My immediate goal is to create an RDF/XML parser, the output from which is 
a data structure representing an RDF graph.  This involves parsing the XML 
to an XML-infoset-like form, then traversing this to extract information 
for the RDF graph.  I want to create a function like this:
     parseRDFXML :: String -> RDFGraph

My XML processing requirements:
(1) basic XML parsing
(2) predefined and character entity handling (&lt; &amp; &#n; etc)
(3) general entity handling (DTD entity definitions and substitutions, per 
internal DTD subset)
(4) easy access to values extracted from XML data (i.e. for XML-to-non-XML 
processing)
(5) XML namespace handling
(6) library usable outside the IO monad (i.e. by functions that return 
non-IO values)

Non-requirements, but maybe nice to have:
(7) parameter entities
(8) External entities
(9) XML/DTD validation

(1)-(4) correspond roughly to the level of support required of XML parsers 
for handling "standalone" documents.

Almost all modern usage of XML that I'm aware of depends to lesser or 
greater degree on on (5).

(8) and (9) are, I think, in conflict with having library functions that 
can be used outside the IO monad, since they require that the parser be 
able to access external data.  (7) is really a helper for DTD-based 
validation, and my own view is that validity checking is better performed 
using XML schema.  Some of the facilities provided by (8) are now being 
addressed by alternative activities that build upon a basic XML (XInclude, 
Binary attachments for SOAP, etc.).

Requirement (6) arises for me because I have adopted a style of programming 
in Haskell that is mostly consisting of pure functions, without recourse to 
monads.  I use parser monads locally as required, and I use IO and state 
monads at the upper levels of my programs to deal with and record the 
program's interaction with the outside world.  It seems to me that this 
approach leads to functions that are easier to pick up and use.  I've found 
that, when using third party libraries, stand-alone functions present an 
easier learning curve compared with libraries that are based around a 
(sometimes complex) monadic state.   Maybe I'm missing something here?

...

Turning to the XML libraries, I've looked at three:
(A) Joe English's HXML parser [2]
(B) HaXml [3]
(C) Haskell Xml Toolbox [4]

(A) HXML is very easy to understand and use, but it does very little more 
than basic XML parsing.  No level of DTD handling is provided, as far as 
I've been able to determine.

(B) HaXML does a little more of what I want, to the extent that it can 
parse DTDs, and even perform some basic validity checking.  I can't find 
anywhere in the code that seems to address substitution of entities defined 
in the DTD, and I'm not sure if it can parse a DTD and XML from the same 
XML file.  There are references in the code to external DTD subsets, but I 
can't see any attempt to implement this.  I have found that the HaXML's 
error handling is rather severe, in that there are a wide of input data 
errors that cause the library to 'error' rather than return a diagnostic value.
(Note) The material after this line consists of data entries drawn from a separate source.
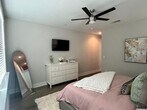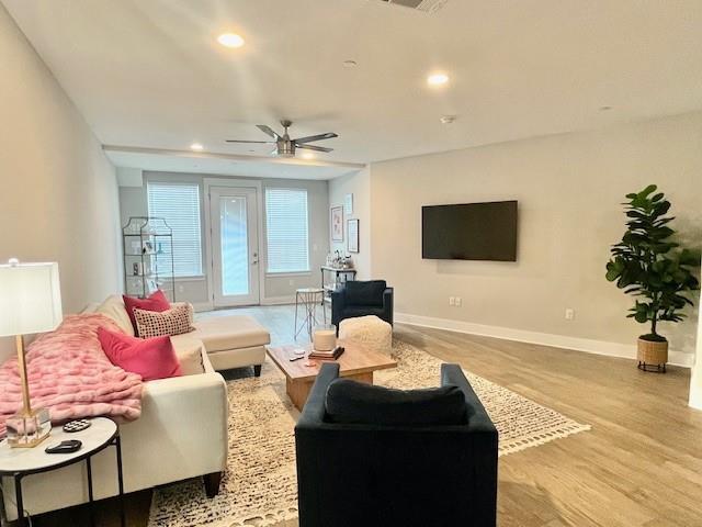 Privately owned and operated, non-corporate. Downtown Living in Old Town Lewisville! Just a few minutes walking distance to shops, dog park, restaurants, coffee and wine shops including a distillery you can explore. Enjoy an abundance of light throughout this high quality 2 bed, 2 bath, 2nd level condo with an open floor plan, high ceilings, beautiful hardwoods in kitchen and living, designer hardware and lighting. Refrigerator, Washer, and Dryer included inside unit. Kitchen showcases a clean modern design with stainless steel appliances, granite countertops and oversized island. Private master with large ensuite bath includes garden tub, oversized shower with rainfall nozzle and walk in closet with organizational features. Perfect for entertaining, you will enjoy the spacious living area and the 15 x 8 balcony. The home has light neutral colors with great natural light from the front and back of the unit.
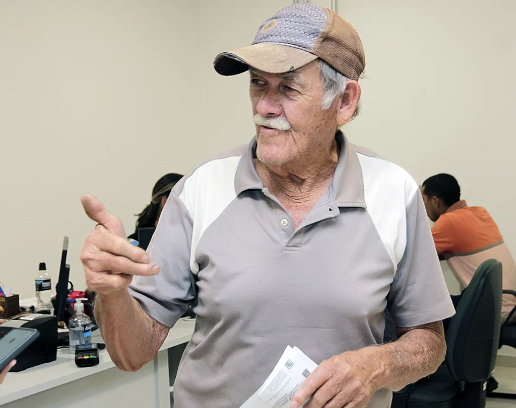 Aos 82 anos, o senhor Rosaría Ferreira, buscou a agência para resolver a documentação do carro que o filho dele usa. Para licenciar precisava regularizar uma infração cometida no Estado de São Paulo (SP). “Não tinha o código para pagamento. Mas o rapaz (servidor da agência) ligou lá em São Paulo e já resolveu. Ainda bem, porque não pode ter nada errado, tem que andar na linha”.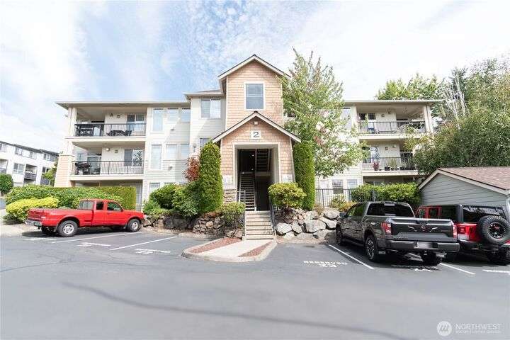 This beautifully maintained 3-bedroom, 2-bath top-floor condo shares no walls in the desirable Meadowdale/North Lynnwood area. New flooring and lighting, complemented by a luxurious plush carpet that enhances comfort along with a new heating system. The open-concept kitchen was remodeled just 3 years ago, featuring stainless steel appliances, granite counters, and undermounted sink. Stylish feature wall with new tile and cozy fireplace. Updated bathrooms and spacious primary suite. Detached garage plus available reserved parking in front. Dues covers W/S/G and a well-managed community that maintains the grounds, buildings, and utilities, along with a shared gym, theater, and event space. With nearby transit options, commuting is a breeze.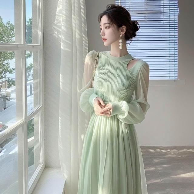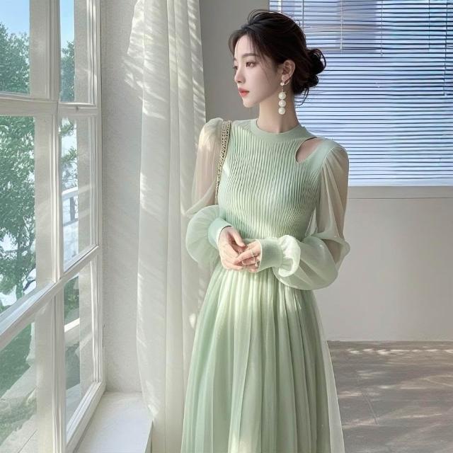 Seven七- 2026 春裝 新 款 法式 輕奢 高級 感 重要 場合 氣質 獨特 漂亮綠色 網紗連衣裙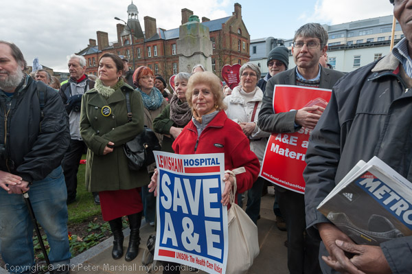 The well-attended rally was chaired by Louise Irvine, the Chair of Save Lewisham Hospital Campaign and speakers included Lewisham Mayor Sir Steve Bullock, hospital staff, trades unionists from Unison, Unite, NUT, FBU, RMT, patients, pensioners and other campaigners. Many motorists passing beeped their horns in support and bus passengers waved.

(C) Haskell Xml Toolbox is the most functional package (being the only 
package with XML namespace support) and also the most difficult to 
use.  Unfortunately, it seems that much of the DTD functionality (needed 
for expanding general entities) is performed I/O monad, as it is part of 
the code than performs validation, which, as noted above, needs access to 
external resources.

My biggest problem with this package is that it seems to be very difficult 
and unwieldy to use as part of another library:  much of the code seems to 
be oriented toward creating complete programs for XML-to-XML 
transformations of various kinds.

I've a view that XML namespace support should be quite easy to graft onto 
either of the other packages, given an extension to the data type used to 
describe nodes and elements.  Over the past couple of months, I've been 
wavering between pushing ahead with (B) or (C).  Both have problems, and 
either would require significant effort on my part.

If I use (C), it involves the least amount of new code, but I think I would 
find myself ripping out chunks of code to create functions that I can use 
outside the IO monad, which would effectively fork the codebase.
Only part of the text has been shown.